Title    Always Use UTF-8 and Always Label Your HTML to Say So
Date    Sunday February 23 2020, @10:30AM
Author    martyb
Topic   
from the dept.
https://soylentnews.org/article.pl?sid=20/02/22/1758201

canopic jug submitted a story which was the inspiration for:

Helsinki-based software developer, Henri Sivonen, has written a pair of blog posts about UTF-8; why it should be used and how to inform the user agent when it is used.

The first blog post explains problems that can arise when UTF-8 is used without explicitly stating so. Here is a short selection from Why Supporting Unlabeled UTF-8 in HTML on the Web Would Be Problematic:

UTF-8 has won. Yet, Web authors have to opt in to having browsers treat HTML as UTF-8 instead of the browsers Just Doing the Right Thing by default. Why?

I'm writing this down in comprehensive form, because otherwise I will keep rewriting unsatisfactory partial explanations repeatedly as bug comments again and again. For more on how to label, see another writeup.

Legacy Content Won't Be Opting Out

First of all, there is the "Support Existing Content" design principle.

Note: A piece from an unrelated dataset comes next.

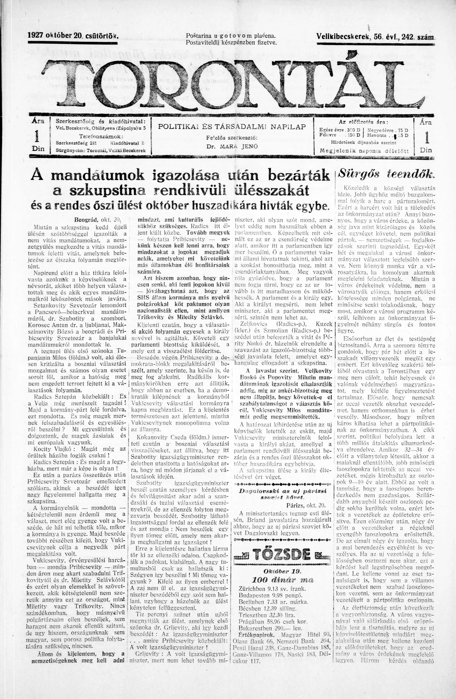 Torontál, 56. évf. 1927. október 20. 242. sz.

Browsers can't just default to UTF-8 and have HTML documents encoded in legacy encodings opt out of UTF-8, because there is unlabeled legacy content, and we can't realistically expect the legacy content to be actively maintained to add opt-outs now. If we are to keep supporting such legacy content, the assumption we have to start with is that unlabeled content could be in a legacy encoding.

In this regard, <meta charset=utf-8> is just like <!DOCTYPE html> and <meta name="viewport" content="width=device-width, initial-scale=1">. Everyone wants newly-authored content to use UTF-8, the No-Quirks Mode (better known as the Standards Mode), and to work well on small screens. Yet, every single newly-authored HTML document has to explicitly opt in to all three, since it isn't realistic to get all legacy pages to opt out.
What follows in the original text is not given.